Les paysans vaquent à leurs occupations dans les plantations de maïs, patates douces et cacao. Des civils à moto et bottes de caoutchouc sillonnent les chemins escarpés et boueux, sous un soleil de plomb succédant aux orages. C’est une «main invisible», mais omniprésente, «silencieuse et menaçante», souffle Javier, 35 ans, l’un des leaders communautaires rencontrés au cours d’un périple entre plusieurs villages isolés. 
 

Des souris et des aigles

«Les gens ont peur. Ils sont sans cesse sur le qui-vive, dans l’attente des problèmes qui vont surgir, si des hommes armés vont venir à ta porte pendant la nuit», décrit Carlos, autre personnalité locale. La plupart d’entre elles, membres de comités communaux, ont dit craindre pour leur sécurité, s’exprimant anonymement. Les groupes armés ont des sympathies et des relais dans la population «mais les communautés essaient surtout de rester éloignées de tout ça», souligne Javier. «C’est une coexistence». «Il y a des règles avec lesquelles nous avons appris à vivre. Il est par exemple interdit de circuler la nuit», détaille-t-il. Pour l’achat d’une moto, il faut demander l’accord du commandant local et justifier la provenance de l’argent, explique un autre paysan.
 

Les gens ici ont l’habitude de parler d’un «calme tendu». Mais dès que des hostilités éclatent, «on se retrouve entre deux feux, les balles sifflent», raconte Wilson, 38 ans, autre leader communal. «Un jour nous sommes sous le contrôle de l’un, le lendemain de l’autre. 
Dans ces disputes territoriales, on se retrouve comme des souris apeurées avec un nid d’aigles au-dessus de nos têtes», renchérit Juan, la cinquantaine.
 

Toujours suspects

Il y a aussi l’armée, très peu présente, du fait notamment de l’immensité de la région.

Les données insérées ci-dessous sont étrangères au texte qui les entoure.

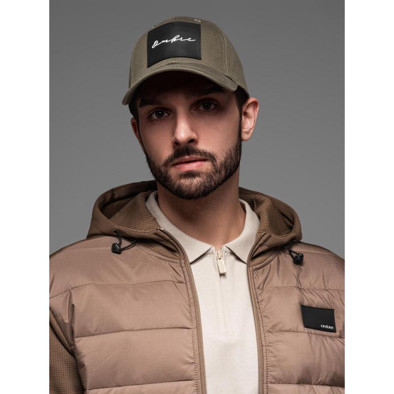 Pánská baseballová čepice s kšiltem a velkou nášivkou – khaki V2 OM-ACCS-0101
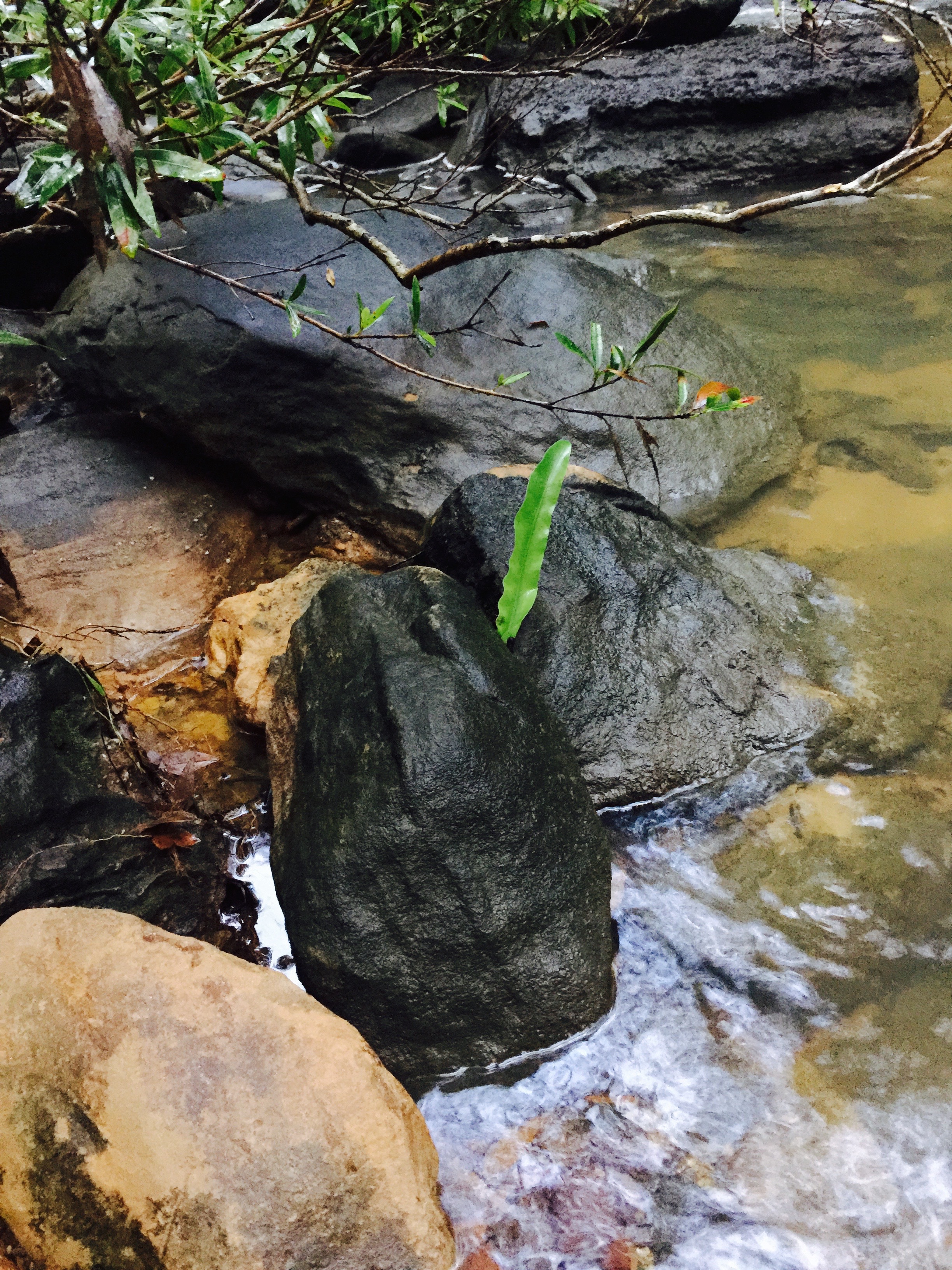 Amidst the rocks a single stem of a bird’s nest fern (Asplenium australasicum)struggling into existence:
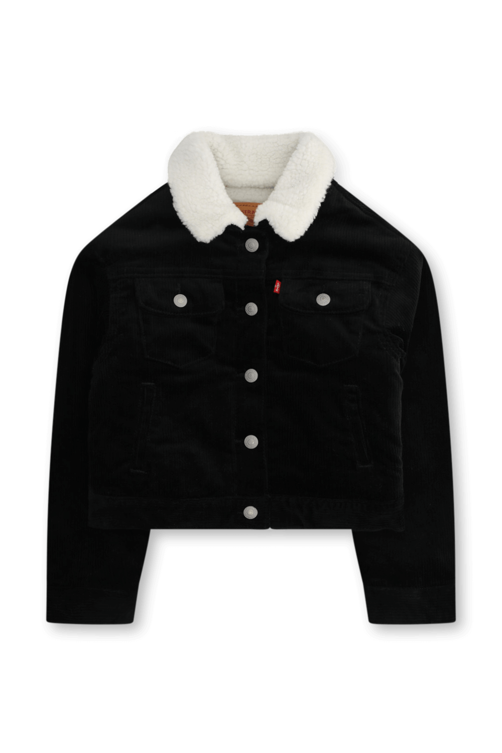 ז'קט Trucker קורדרוי מבית Levi's, עשוי תערובת כותנה באריגת קורדרוי בצבע שחור ופנים שרפה לבן.
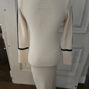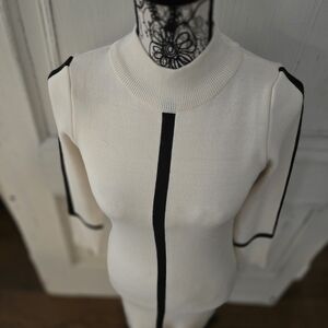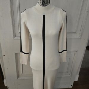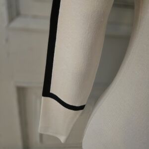 This elegant cream dress features striking black accents and a sleek design, perfect for any occasion. Its sophisticated style is both timeless and versatile.
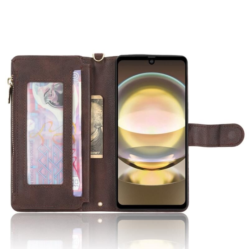 Για Sharp Aquos R8 Litchi Υφή φερμουάρ δερμάτινη θήκη τηλεφώνου (καφέ)
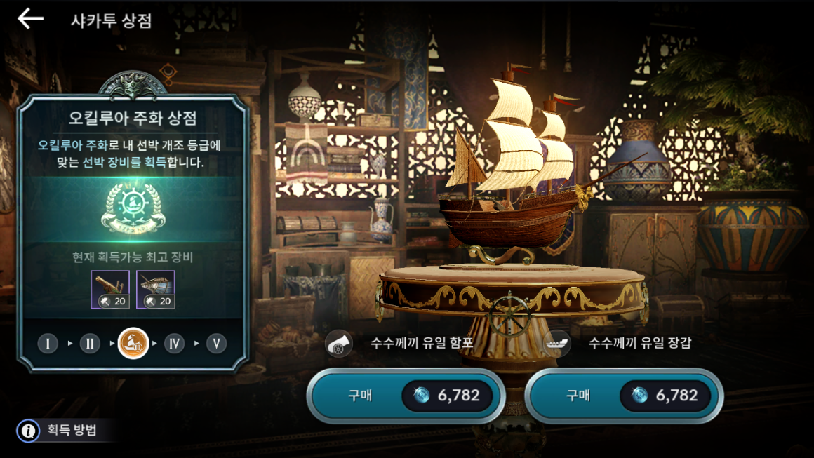 칸을 비롯해 우두머리 보상을 통해 획득 가능한 오킬루아 주화는 업데이트 된대부호 샤카투가 대양에 관심을 가지고 오픈한 상단인 사카투 상점을 통해 이용 할 수 있습니다. 사카투 상점에서 오킬루화 주화 상점에 진입하면 보유한 오킬루화 주화를 이용해 선박 개조 등급에 맞는 선박 장비를 획득할 수 있어 이를 활용하는 것도 중요해 보입니다.

Mais quand elle intervient, «les guérillas deviennent jalouses, et c’est dangereux», euphémise Carlos, 65 ans, qui dénonce la «stigmatisation» des civils, suspectés au bout du compte par tous les belligérants d’être des «collaborateurs» du camp d’en face. Pour les leaders communautaires, très exposés et vulnérables, pas d’autre alternative que de dialoguer avec les groupes armés. «Ils ont les armes, j’ai les mains vides, je dois écouter ce qu’ils disent», reconnaît l’un d’entre eux.
Il leur faut aussi vivre au voisinage de champs de mines et autres engins non explosés. Aux abords des routes, ces zones sont parfois signalées par une pancarte à tête de mort signée du groupe qui les a dissimulées là. Au moins 10 personnes en ont été victimes en 2023, contre quatre en 2022, selon le CICR.
 

Toute cette insécurité, conjuguée à l’isolement, hypothèque en outre gravement l’accès à l’eau potable, l’éducation et la santé. Outre la petite agriculture et le travail harassant dans les mines d’or, «le seul avenir pour les jeunes, ce sont souvent les armes», déplore Javier.

La coca, devenue peu rentable, n’est presque plus cultivée. «Le vrai enjeu de la guerre ici désormais, c’est l’or !» souffle José, un ex-cocalero d’une quarantaine d’années, pour qui, «ici, tu obéis et tu te tais».Depuis une semaine, l’ELN et les AGC s’affrontent de nouveau, provoquant le déplacement forcé d’au moins 1400 personnes dans un «climat de peur et d’anxiété», selon le gouvernement. «Sans le conflit, nous vivrions plutôt bien. Les conditions sont rudes mais la terre est généreuse», commente Juan. «Le problème c’est cette guerre qui est une histoire sans fin.»